Governance: prompt/version history, experiment lineage, and auditability for incident reviews.

Platform	Developer / Organization	Focus	First Public Release
Helicone	Helicone	LLM proxy analytics, request logging, spend monitoring, and caching/rate controls	2023-05
TruLens	TruEra (now Snowflake)	LLM app evaluation/guardrails with feedback functions and quality metrics	2023-05
Langfuse	Langfuse	Open-source LLM/app observability, traces, prompt management, datasets, and evals	2023-07
LangSmith	LangChain	Agent tracing, debugging, test/eval pipelines, and experiment comparison	2023-07
AgentOps	AgentOps / Comet	Agent runtime observability, tracing, cost/performance monitoring, and eval workflows	2023-09
Arize Phoenix	Arize AI	Open-source observability and evaluation for LLM apps (traces, spans, evals)	2023-10
Braintrust	Braintrust Data	Evaluation-first workflow for prompts/apps with experiment tracking and scoring	2023-11
Weights & Biases Weave	Weights & Biases	Prompt/app tracing, experiment analysis, and evaluation workflows	2024-02

Selection notes (quick heuristic):

Pick open-source/self-hosted first (e.g., Langfuse, Phoenix, TruLens) when data residency or internal compliance is strict.
Pick evaluation-first platforms (e.g., Braintrust, LangSmith, Weave) when your bottleneck is quality iteration speed.
Pick a proxy-centric layer (e.g., Helicone) when you mainly need model usage analytics and cost control with minimal app changes.
Use a hybrid stack in larger teams: proxy for spend controls + tracing/eval platform for quality and debugging.

Protocol 🌐

Protocols, conventions, and interface patterns worth watching in the agent ecosystem.

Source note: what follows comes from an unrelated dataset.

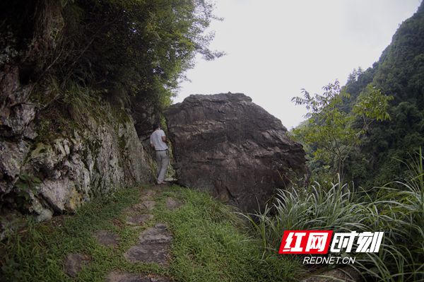 湘黔古道上有道风景——岩门峡。有个传说,花园阁人凿石修路,历经49年,快要修通时,被一块巨石挡住。修路的人们不放弃,他们的执着感动到神仙,神仙电闪雷鸣,巨石瞬间断开,形成一道门。

Dates below refer to the first public spec, announcement, or launch that I could verify. For a few newer protocols, the date is best treated as the earliest public appearance rather than a formal standards milestone.

Protocol	Initiated By	First Public Release	What It Covers
llms.txt	Jeremy Howard / Answer.AI	2024-09	LLM-readable website discovery and content guidance
MCP	Anthropic	2024-11	Agent / model connection to tools, data, and external systems
ACP	Zed and JetBrains	2025-03	An open standard that enables any agent to integrate seamlessly with any editing environment
AG-UI	CopilotKit / AG-UI community	2025-04	Real-time agent-to-user interaction between agent backends and frontends
A2A	Google	2025-04	Agent-to-agent collaboration and task delegation
ANP	ANP Open Community	2025-05	An open protocol stack for the Agentic Web, covering decentralized identity (DID), service discovery, end-to-end encrypted messaging, and agent payments
AGENTS.md	OpenAI-led industry working group; now stewarded by the Agentic AI Foundation	2025-08	Project-level instructions for coding agents
AP2	Google	2025-09	An open protocol for secure, agent-led AI commerce
A2UI	Google with contributions from CopilotKit and the open-source community	2025-09	Agent-generated, declarative UI rendered natively across clients
Agent Skills	Anthropic	2025-10	Portable skills and reusable capability packs for agents
DESIGN.md	Google (via Google Stitch)	2026-03	Agent-readable design system rules (colors, typography, spacing, patterns) to enforce visual consistency in AI-generated UI

Roadmap 🗺️

This repository can be expanded into a stronger long-term awesome list with:

Official website and GitHub links for every entry where both exist
One-line descriptions for each project
Tags like coding, browser, research, multi-agent, cloud, and cli
Comparison dimensions such as deployment model, tool use, memory, local model support, and collaboration model
A richer protocol section with references and short explanations
Related resources and adjacent awesome lists

Contributing 🤝

Contributions are welcome. Feel free to open an Issue or Pull Request to:

Add a missing project
Fix a category or release date
Improve naming consistency
Add links, descriptions, or tags
Expand the protocol section

Suggested contribution format:

| Project | Category | Developer / Organization | Language | Open Source | Release Date | Link | Notes |

License 📄

This repository is licensed under Creative Commons Attribution 4.0 International (CC BY 4.0).

You are free to share and adapt the material for any purpose, including commercial use, as long as appropriate attribution is given.